-- WORK TASK --
Take the line with "Реализация систем пожаротушения" as the first and the last line of the data as the end. Write out both and every line between exactly, except pictures.

DATA EXTRACT Block Start

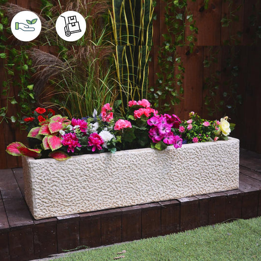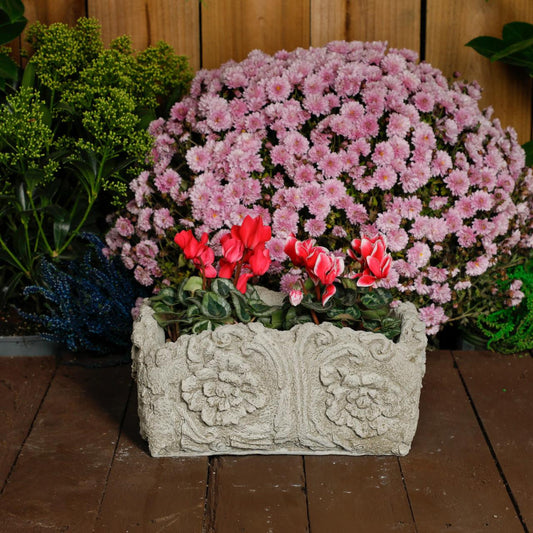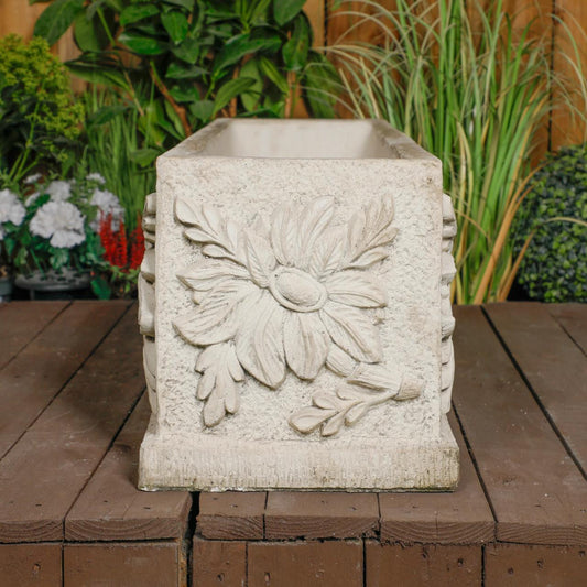 Large Wildflower design White Stone Planter Trough
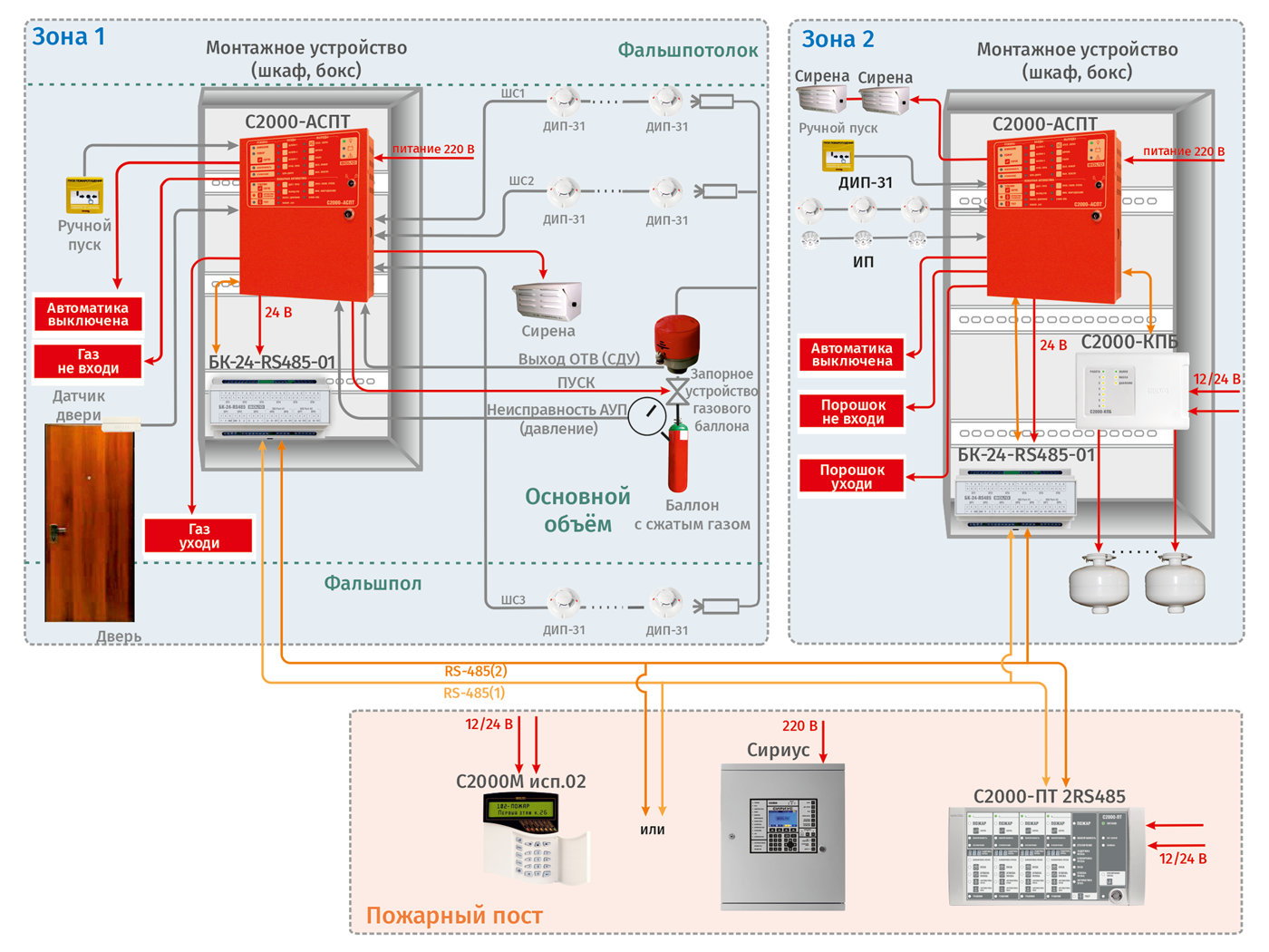 Реализация систем пожаротушения большого числа зон.Также ППКУП «Сириус», применяемые в АУП в качестве приборов управления, не рекомендуется одновременно использовать, как сетевой контроллер в других системах СПА объекта (СПС, СОУЭ, СПДВ). Приборы «Сириус», управляющие АУП, объединяются интерфейсом верхнего уровня с приборами «Сириус», управляющими другими СПА, для вывода сигналов на пожарный пост.
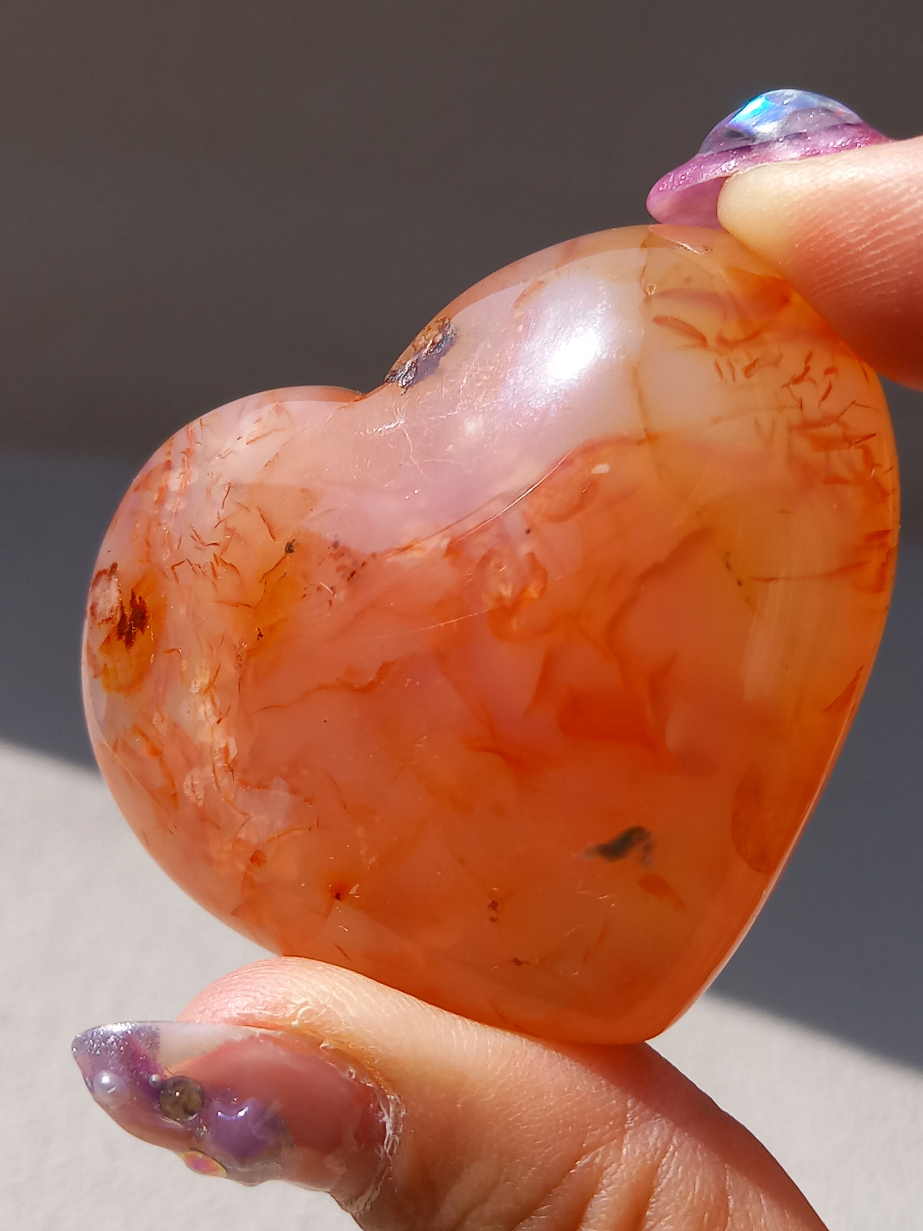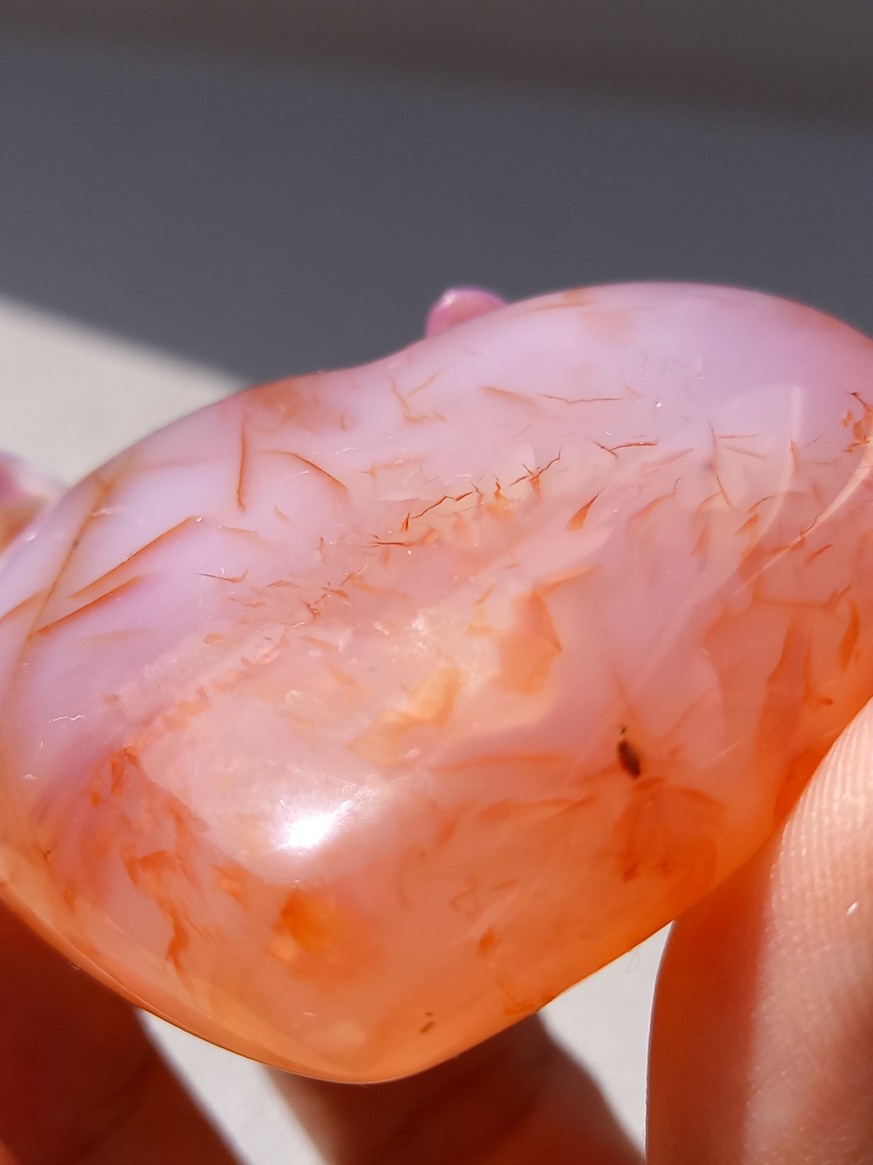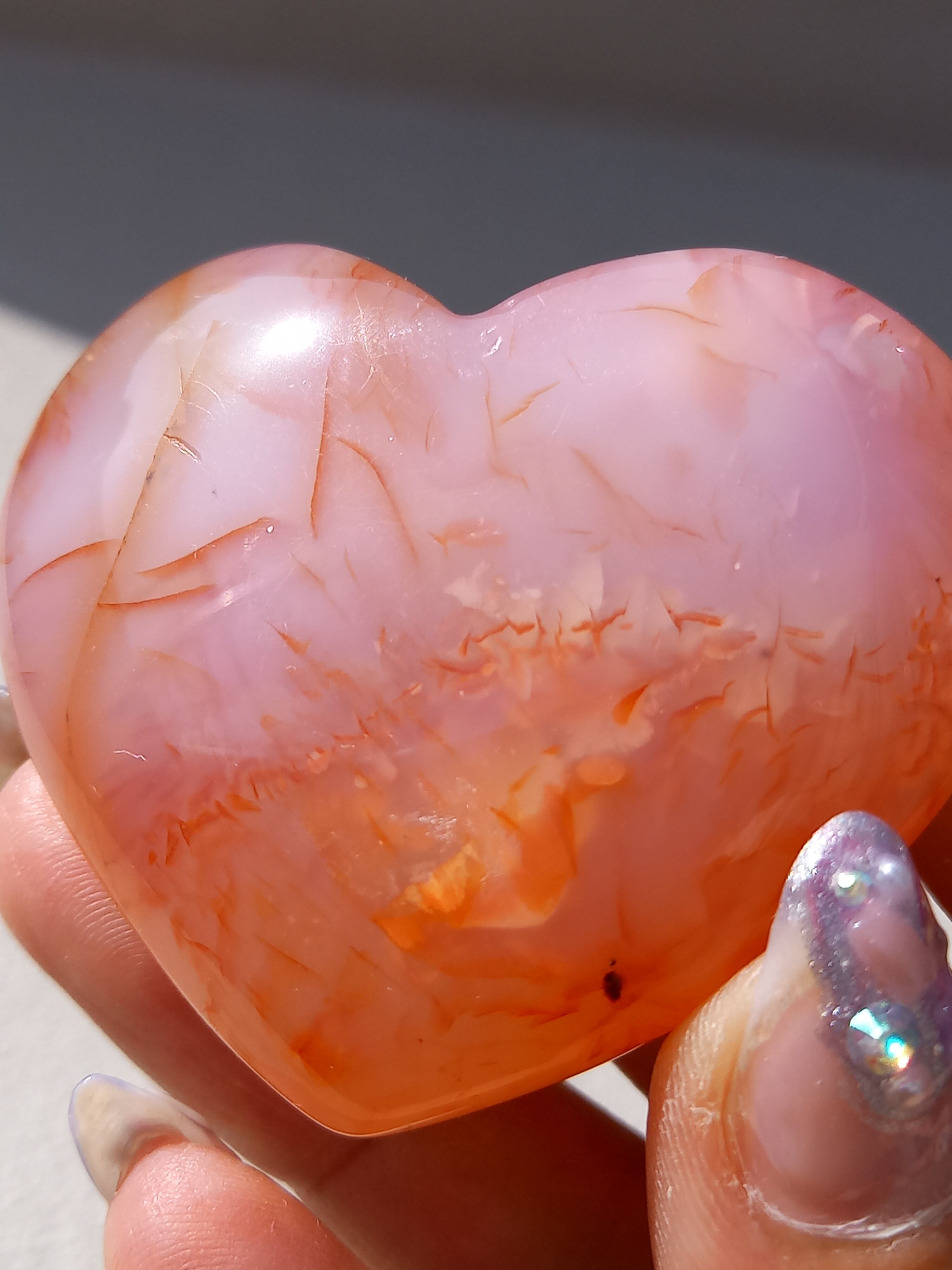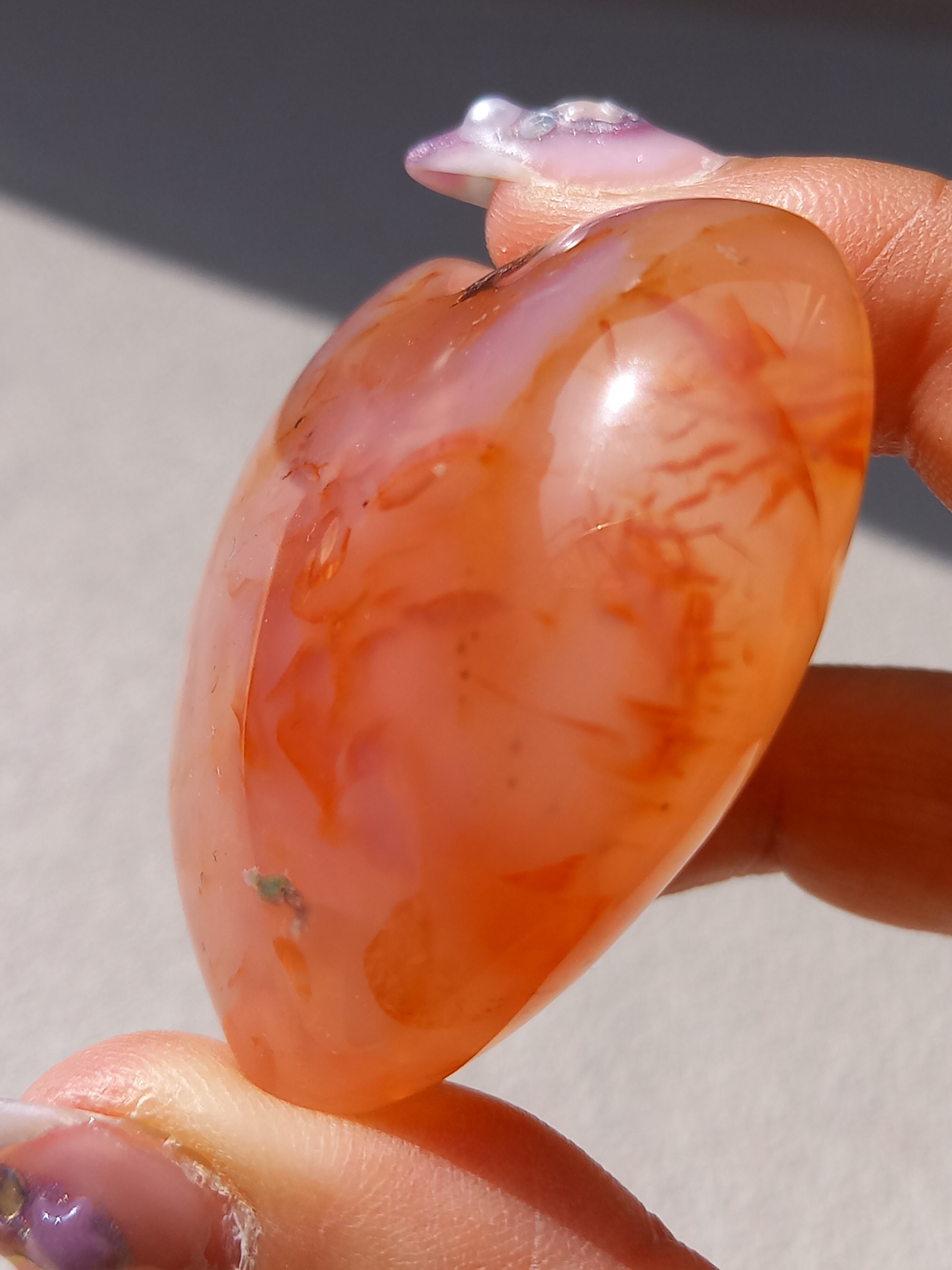 カーネリアンの鮮やかなオレンジカラーと、パープルピンクカラーが混ざりあったキュートな雰囲気の子です。

DATA EXTRACT Block End

-- EXERCISE RESPONSE --
 Реализация систем пожаротушения большого числа зон.Также ППКУП «Сириус», применяемые в АУП в качестве приборов управления, не рекомендуется одновременно использовать, как сетевой контроллер в других системах СПА объекта (СПС, СОУЭ, СПДВ). Приборы «Сириус», управляющие АУП, объединяются интерфейсом верхнего уровня с приборами «Сириус», управляющими другими СПА, для вывода сигналов на пожарный пост.
 カーネリアンの鮮やかなオレンジカラーと、パープルピンクカラーが混ざりあったキュートな雰囲気の子です。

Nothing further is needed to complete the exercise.